▸ **Problem description**: Drop every picture, then repeat the records exactly.

(Data records)
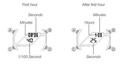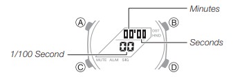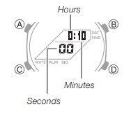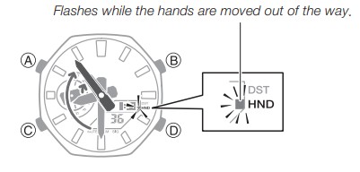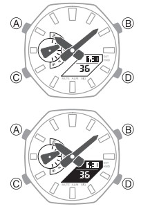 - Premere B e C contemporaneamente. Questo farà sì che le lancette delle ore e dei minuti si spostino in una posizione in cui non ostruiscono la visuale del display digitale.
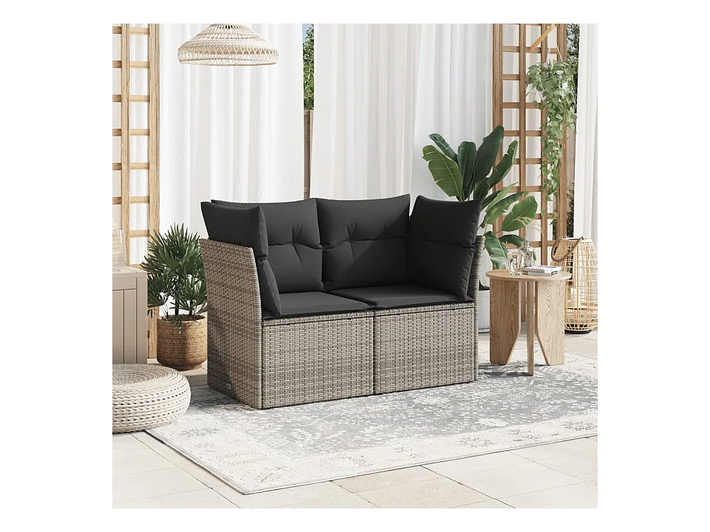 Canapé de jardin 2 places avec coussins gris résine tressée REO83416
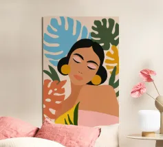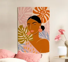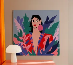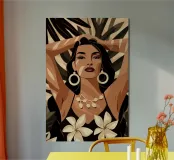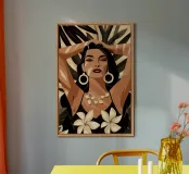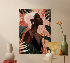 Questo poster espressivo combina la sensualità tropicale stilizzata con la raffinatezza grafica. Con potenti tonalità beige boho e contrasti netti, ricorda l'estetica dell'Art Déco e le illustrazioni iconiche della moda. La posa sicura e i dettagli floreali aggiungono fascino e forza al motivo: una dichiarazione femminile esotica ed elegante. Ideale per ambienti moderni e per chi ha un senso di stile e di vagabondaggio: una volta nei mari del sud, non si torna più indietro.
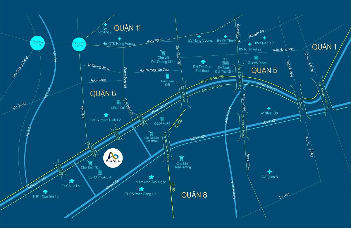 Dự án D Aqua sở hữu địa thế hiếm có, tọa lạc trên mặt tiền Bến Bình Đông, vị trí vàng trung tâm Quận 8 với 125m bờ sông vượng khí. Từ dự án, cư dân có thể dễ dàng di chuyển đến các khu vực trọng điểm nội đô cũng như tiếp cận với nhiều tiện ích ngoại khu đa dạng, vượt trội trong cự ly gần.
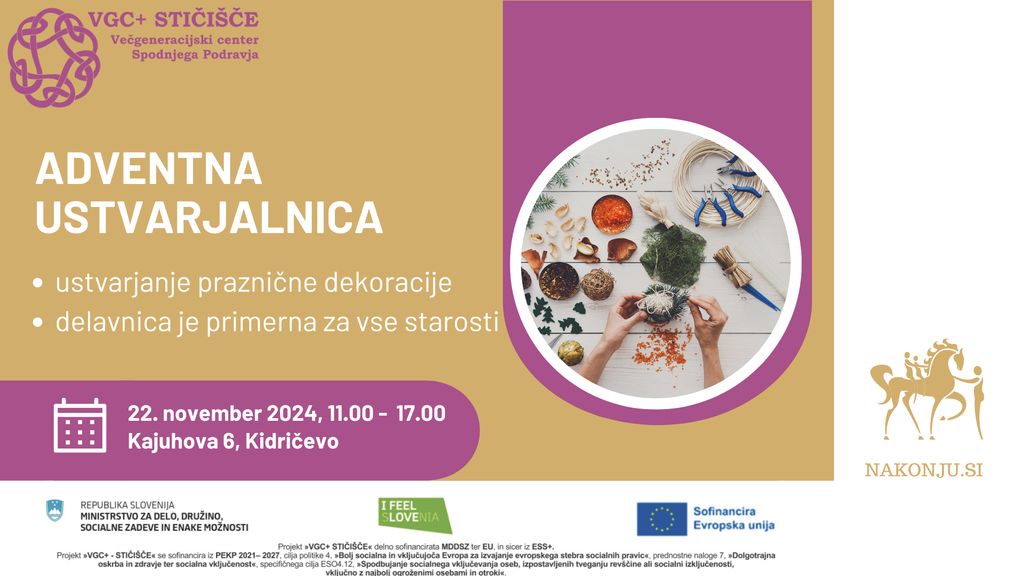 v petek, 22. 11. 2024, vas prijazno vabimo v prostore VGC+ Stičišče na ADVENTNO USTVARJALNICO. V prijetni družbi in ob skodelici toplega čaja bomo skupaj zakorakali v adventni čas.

▸ **Solution to this task**:
 - Premere B e C contemporaneamente. Questo farà sì che le lancette delle ore e dei minuti si spostino in una posizione in cui non ostruiscono la visuale del display digitale.
 Canapé de jardin 2 places avec coussins gris résine tressée REO83416
 Questo poster espressivo combina la sensualità tropicale stilizzata con la raffinatezza grafica. Con potenti tonalità beige boho e contrasti netti, ricorda l'estetica dell'Art Déco e le illustrazioni iconiche della moda. La posa sicura e i dettagli floreali aggiungono fascino e forza al motivo: una dichiarazione femminile esotica ed elegante. Ideale per ambienti moderni e per chi ha un senso di stile e di vagabondaggio: una volta nei mari del sud, non si torna più indietro.
 Dự án D Aqua sở hữu địa thế hiếm có, tọa lạc trên mặt tiền Bến Bình Đông, vị trí vàng trung tâm Quận 8 với 125m bờ sông vượng khí. Từ dự án, cư dân có thể dễ dàng di chuyển đến các khu vực trọng điểm nội đô cũng như tiếp cận với nhiều tiện ích ngoại khu đa dạng, vượt trội trong cự ly gần.
 v petek, 22. 11. 2024, vas prijazno vabimo v prostore VGC+ Stičišče na ADVENTNO USTVARJALNICO. V prijetni družbi in ob skodelici toplega čaja bomo skupaj zakorakali v adventni čas.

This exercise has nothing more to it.